Measurement of ROS in C elegans

Hello everyone,
I am performing ROS measurement nowadays and since different papers give different assays I am a bit confused.
I started taking 50 whole worms and 50 micromolar DCFDA, 1 hr incubation at 20 C. But since our lab doesnt have Fluorescence plate reader, I am taking readings on spectrofluorimeter in 1 ml cuvette, this method causes unequal no. of worms as during pipetting worms stick to the pipette tip, giving unexpexted results.
Then I went for lysis method where I am lysing worms in lysis buffer, and we have to report readings a fluorescence/ mg protein. Here the readings are coming fine but when I am doing Bradford assay, I cannot see any change in readings, despite unequal no. of worms and found that my sample buffer itself is giving so much of color.
So anyone can suggest any method or lysis buffer which I can use for isolating proteins in C elegans, that does not interfere with Bradford assay and also do not interfere with dcfda assay???

Hi,

using triton x-100 0.01-0.1% or Tween in solutions or as a wash prevents the worms sticking to the pipette tips (see numerous worm methods in wormbook).

Without knowing what’s in your lysis buffer it’s difficult to say what it is that’s interacting with the Bradford reagents…

However, for a lysis buffer suitable for proteins you may find this link to an earlier discussion useful,

http://forums.wormbase.org/index.php?topic=967.0

Steve

Not sure how your ROS measurement works with lysates, nor do I know what’s in your lysis buffer. But if it’s similar to what’s in whole cell lysis buffer for westerns, here’s what I can tell you about how that buffer effects Bradford assays.
Standard lysis buffers have dyes in it that you don’t need, make sure your lysis buffer has no dye in it (the purpose of the dye is simply to serve as a marker for you to see when a western blot is running). You don’t need it in your lysis and it interferes with Bradford.
SDS is the only remaining chemical in most whole cell lysate buffer that interferes with the Bradford assay, but you can still make it work. Yes you’re normalization curve will be compressed as the reaction is somewhat inhibited by the SDS, but if you normalize the amount of SDS in your protein standards to match the amount in your lysate you can get very accurate reading of protein concentration (do everything in 3x). Then it works fine every time.

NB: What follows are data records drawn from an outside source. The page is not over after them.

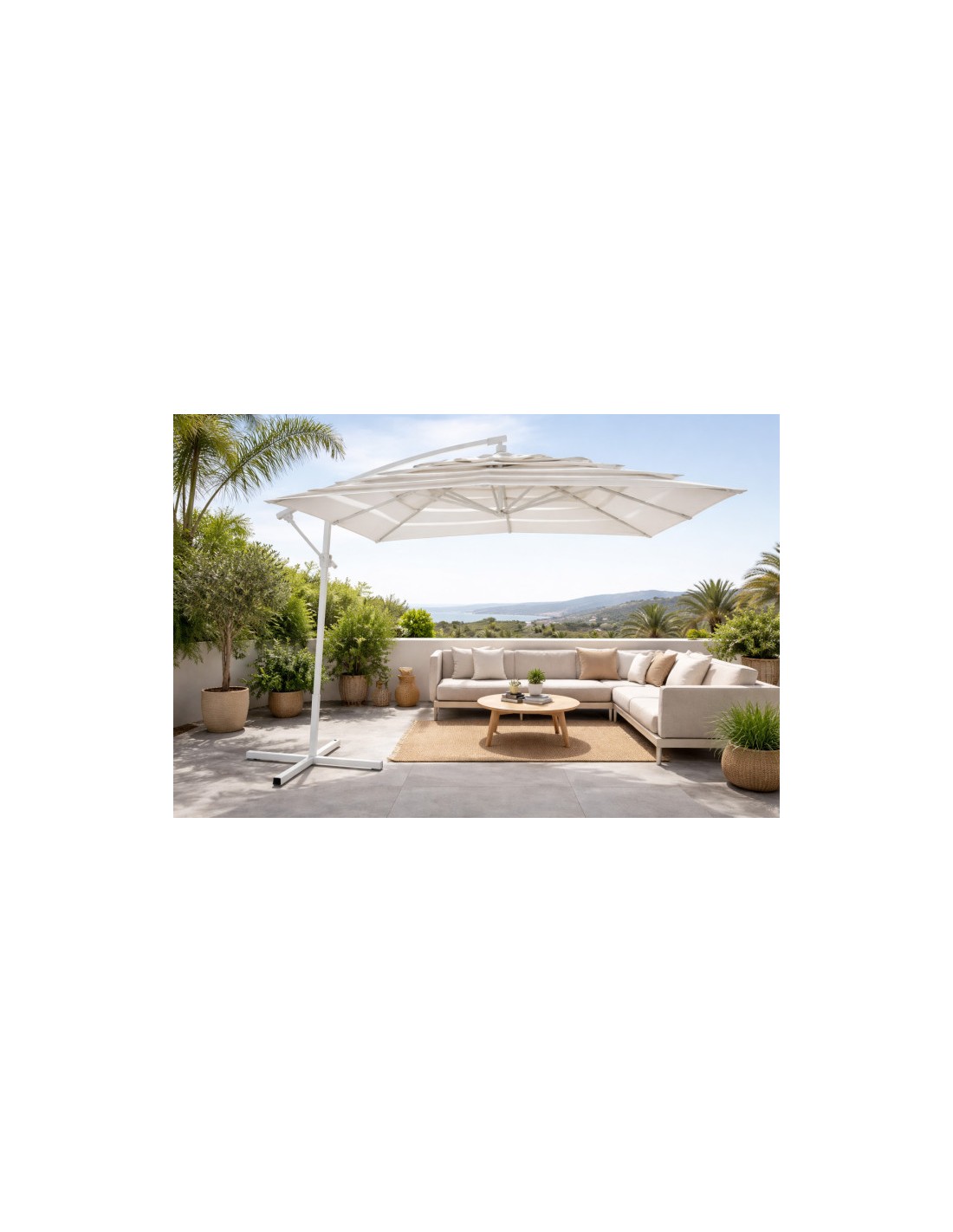 Con unas dimensiones de 250 cm de anchura y 250 cm de altura, el Parasol de Acero y Poliéster Blanco proporciona una cobertura amplia, ideal para proteger mesas de exterior, zonas de descanso o rincones chill out.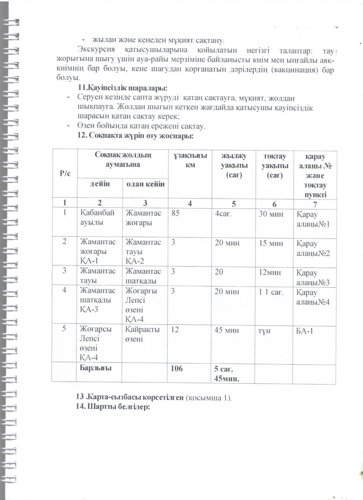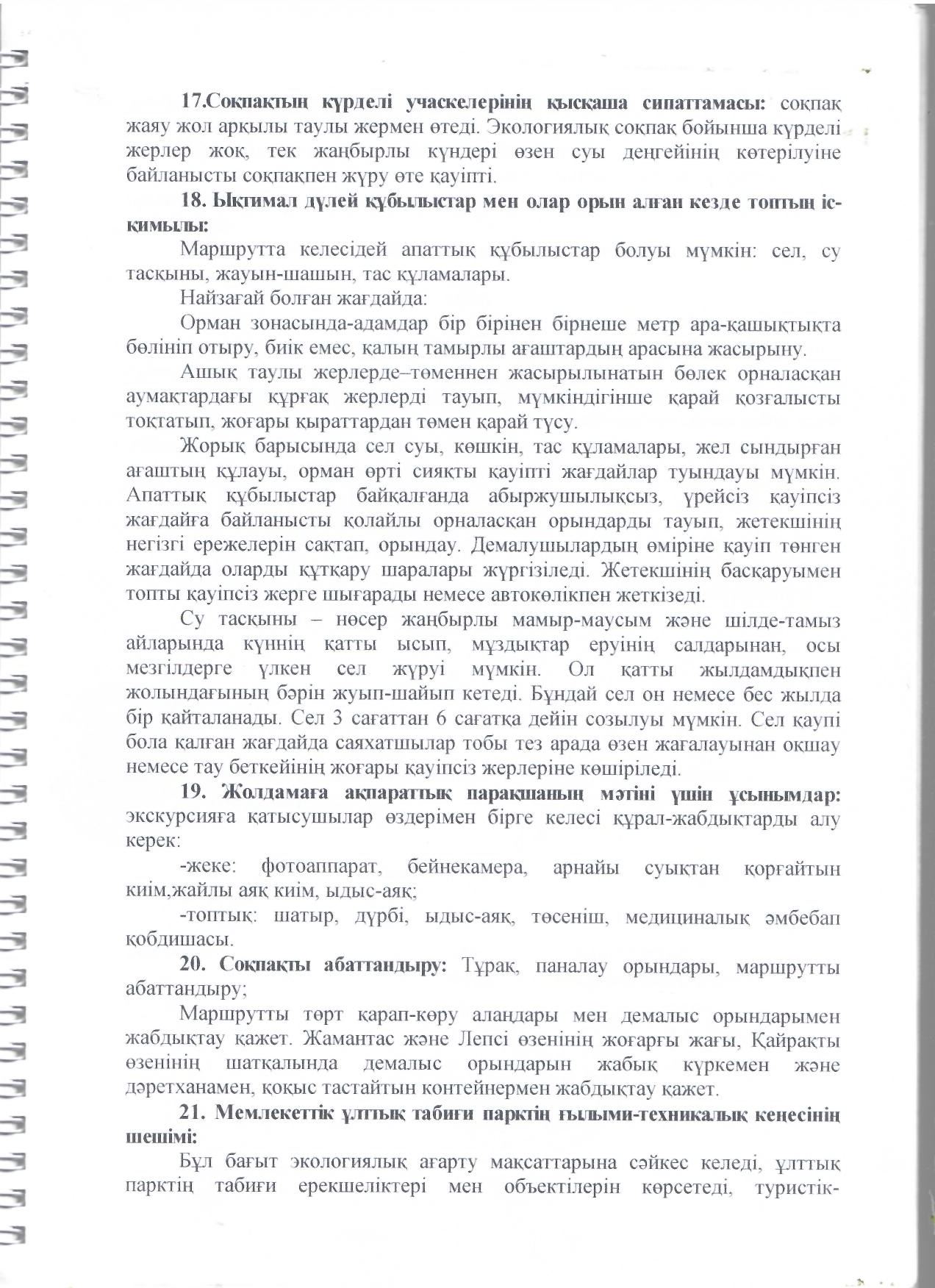 Туристік маршруттардың паспорттары
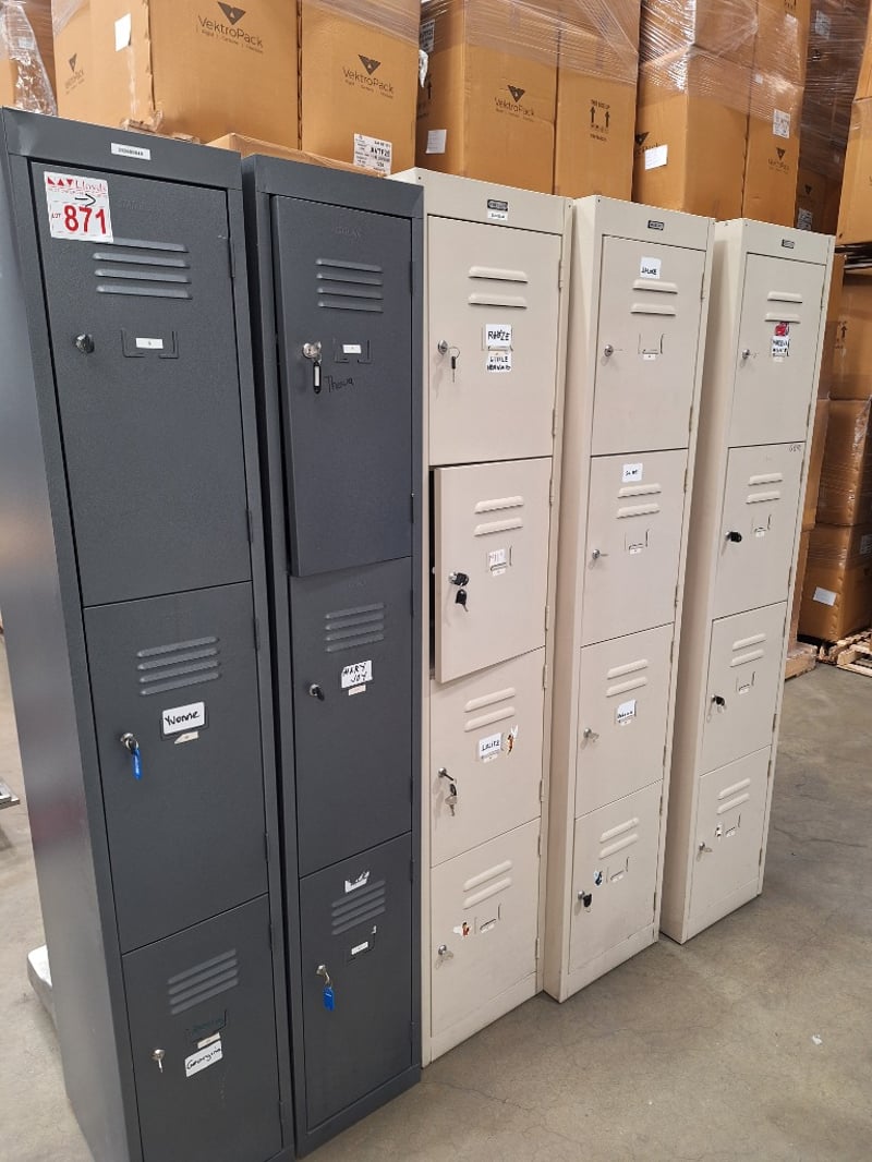 Storage LockersDimensions Approx H:1830mm W:380mm D:460mmSOLD AS LOTPLEASE NOTE: INSPECTIONS HIGHLY RECOMMENDED, BUYER TO PROVIDE OWN LABOUR AND TOOLS FOR SAFE REMOVAL OF ASSET

Without knowing more about what you’re doing, I can’t assist more. Anyway, I hope this helps and good luck! :slight_smile:

Hi,
The composition of my lysis buffer is 25 mM Tris HCl, pH 6.8, 10% glycerol, 10% b-mercaptoethanol, 4% SDS and 9 mM EDTA. Even I guess its because of SDS that Bradford assay is not working.
I tried the lysis buffer proposed by mcewan in the previous worm forum discussion but couldnt get sufficient protein. Its only after heating at 99 C for half hour I am getting protein, else I have tried liquid nitrogen, sonication, as well as mechanical disruption using syringe but no results.
Can anyone tell me in detail the protocol that might be working for you???
This will help a lot…
Thanks for the suggestions…:slight_smile:

forget bradford. use the bca assay to determine the protein concentration. bca does not react with sds. but exclude beta-mercaptoethanol from your lysisbuffer. then it should work fine.